Ever since this CBO report on individual earnings volatility came out, there have been questions raised about whether it undermines Jacob Hacker's work in The Great Risk Shift showing increases in economic insecurity over time. For example, this article by David Leonhardt in the New York Times highlights the CBO results, Greg Mankiw notes the results here, and Tyler Cowen says:
Leonhardt agrees with my view that the recent CBO report effectively counters Jacob Hacker on "the great risk shift." Until we see further evidence to the contrary, that thesis belongs in the "simply isn't true" pile.
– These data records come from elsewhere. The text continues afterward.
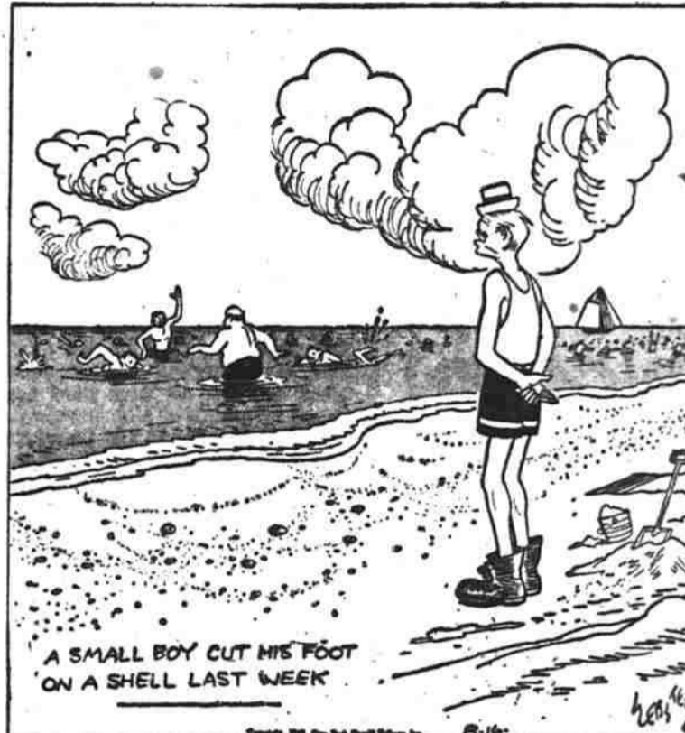
A SMALL BOY CUT HIS FOOT ON A SHELL LAST WEEK
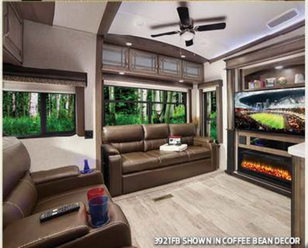
3921FB SHOWN IN COFFEE BEAN DECOR

Trust: state of being relied on. For over 19 years Montana has worked diligently to earn customers' trust. Through better design and better value, we continue to earn it!
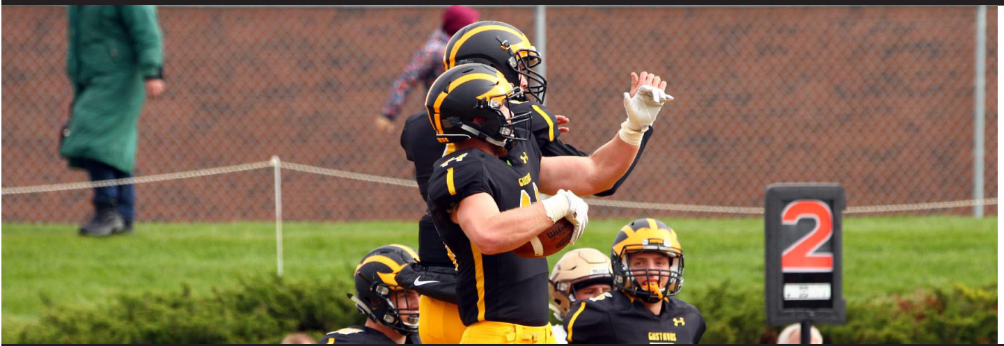
WEEK 6 • SAINT PAUL, MINN. • GUSTAVUS 42, HAMLINE 14

Two blocked punts, one recovered for a touchdown, and a punt return touchdown highlighted the Gustavus football team's 42-14 win at Hamline on Saturday afternoon. The Gusties also had three rushing touchdowns and surpassed 400 yards of total offense for the first time this season to move to .500 at 3-3 overall and 2-2 in the MIAC.
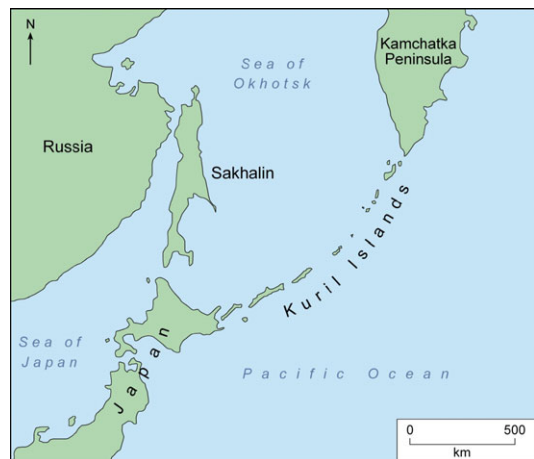
Figure 1 Sakhalin and the Kuril Islands

Much of the post-war history of these islands has been characterised by Japan and the Soviet Union/Russia tirelessly asserting their arguments by invoking geography, prior discovery and development, as well as international law and treaties in order to justify their claims (see, for example, Call 1992; Hasegawa 1998; Kuhrt 2007; Stephan 1974). The closest the Soviet and
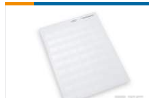
TE Part #9-1768016-7 CSL Self Laminating Polyester Labels
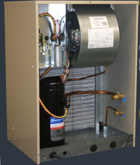
STANDARD DESIGN THDC-"T" SERIES SHOWN
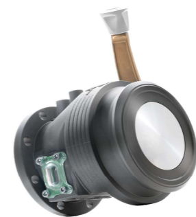
786120.1 (1) 4" Mechanical API gaskets included

However, the CBO results do not effectively counter Jacob Hacker. By email, Jacob explains why:
Jacob Hacker: I have received many questions about the Congressional Budget Office’s (CBO) recent report that finds that individual earnings volatility, while extremely high, has not risen since the 1980s. Although this new research significantly expands what we know about individual earnings volatility, it does not challenge my contention that family income volatility has grown, nor is it at odds with my larger argument that the level of economic risk that families face has risen dramatically.
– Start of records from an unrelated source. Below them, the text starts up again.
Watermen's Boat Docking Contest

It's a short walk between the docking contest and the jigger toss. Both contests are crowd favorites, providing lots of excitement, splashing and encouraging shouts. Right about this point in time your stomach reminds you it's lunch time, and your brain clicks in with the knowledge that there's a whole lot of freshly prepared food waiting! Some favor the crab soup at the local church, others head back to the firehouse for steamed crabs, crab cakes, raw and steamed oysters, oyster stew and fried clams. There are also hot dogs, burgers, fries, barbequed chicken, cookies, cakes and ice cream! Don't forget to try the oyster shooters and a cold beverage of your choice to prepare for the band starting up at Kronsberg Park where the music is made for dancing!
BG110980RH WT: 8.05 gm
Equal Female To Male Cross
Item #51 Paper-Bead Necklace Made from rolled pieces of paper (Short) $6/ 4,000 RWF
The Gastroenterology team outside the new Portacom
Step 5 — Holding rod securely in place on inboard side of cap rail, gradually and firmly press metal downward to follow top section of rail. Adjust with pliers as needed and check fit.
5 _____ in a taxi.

The distinction between individual earnings and family income is often missed, so it is important to emphasize that there’s no reason why trends in individual earnings instability and trends in family income instability need to match up. Unlike earnings volatility, family income volatility hinges on (1) the joint labor supply decisions of workers in the family; (2) family formation, expansion, contraction, and dissolution; (3) the earnings and losses of family-owned businesses and capital holdings; and (4) government taxes and benefits. Each of these could cause individual earnings volatility and family income volatility to follow different paths.
In fact, it’s been clear for some time that family income volatility and individual earnings volatility have followed different paths. For example, Peter Gottschalk and Robert Moffitt, in their pioneering work on male earnings instability, have shown that there has not been a secular rise in male earnings instability since the early 1980s—a finding confirmed by the CBO study (which, because of data limitations, was not able to look at earnings instability among all workers before 1981). Since I essentially adapted Gottschalk and Moffitt’s technique to look at family incomes, it’s not surprising that in my own analyses of individual earnings volatility (not reported in my book, The Great Risk Shift), I too did not find a consistent rise in individual earnings volatility since the early 1980s—even as I did find a consistent rise in family income volatility.
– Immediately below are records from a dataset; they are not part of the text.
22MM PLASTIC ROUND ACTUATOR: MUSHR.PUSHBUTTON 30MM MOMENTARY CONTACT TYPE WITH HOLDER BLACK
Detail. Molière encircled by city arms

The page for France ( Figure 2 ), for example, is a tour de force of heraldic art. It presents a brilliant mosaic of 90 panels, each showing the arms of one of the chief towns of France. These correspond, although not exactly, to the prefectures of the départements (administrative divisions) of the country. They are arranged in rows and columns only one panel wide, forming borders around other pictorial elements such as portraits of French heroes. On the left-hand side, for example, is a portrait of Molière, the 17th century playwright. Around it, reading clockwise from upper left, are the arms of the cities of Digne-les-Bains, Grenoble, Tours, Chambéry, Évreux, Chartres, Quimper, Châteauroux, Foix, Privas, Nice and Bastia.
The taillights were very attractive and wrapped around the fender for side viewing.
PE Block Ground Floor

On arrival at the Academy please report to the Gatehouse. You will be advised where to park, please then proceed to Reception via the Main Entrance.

It is enormously valuable that the CBO is looking into this subject and bringing new data to bear on it. We are continuing to see that the United States has extremely high levels of personal financial instability, especially given how favorable and stable our macroeconomic indicators have been. And, in the process, we are gaining a rich new picture of the economy that’s much closer to the lived experience of Americans.
We are also learning much more about the strengths and weaknesses of alternative sources of evidence and alternative techniques—and I have been incorporating what we have learned into a major reanalysis of family income volatility currently underway at Yale, which will incorporate newly available data as well as refine my original estimates. I hope to be able to release all my updated findings soon.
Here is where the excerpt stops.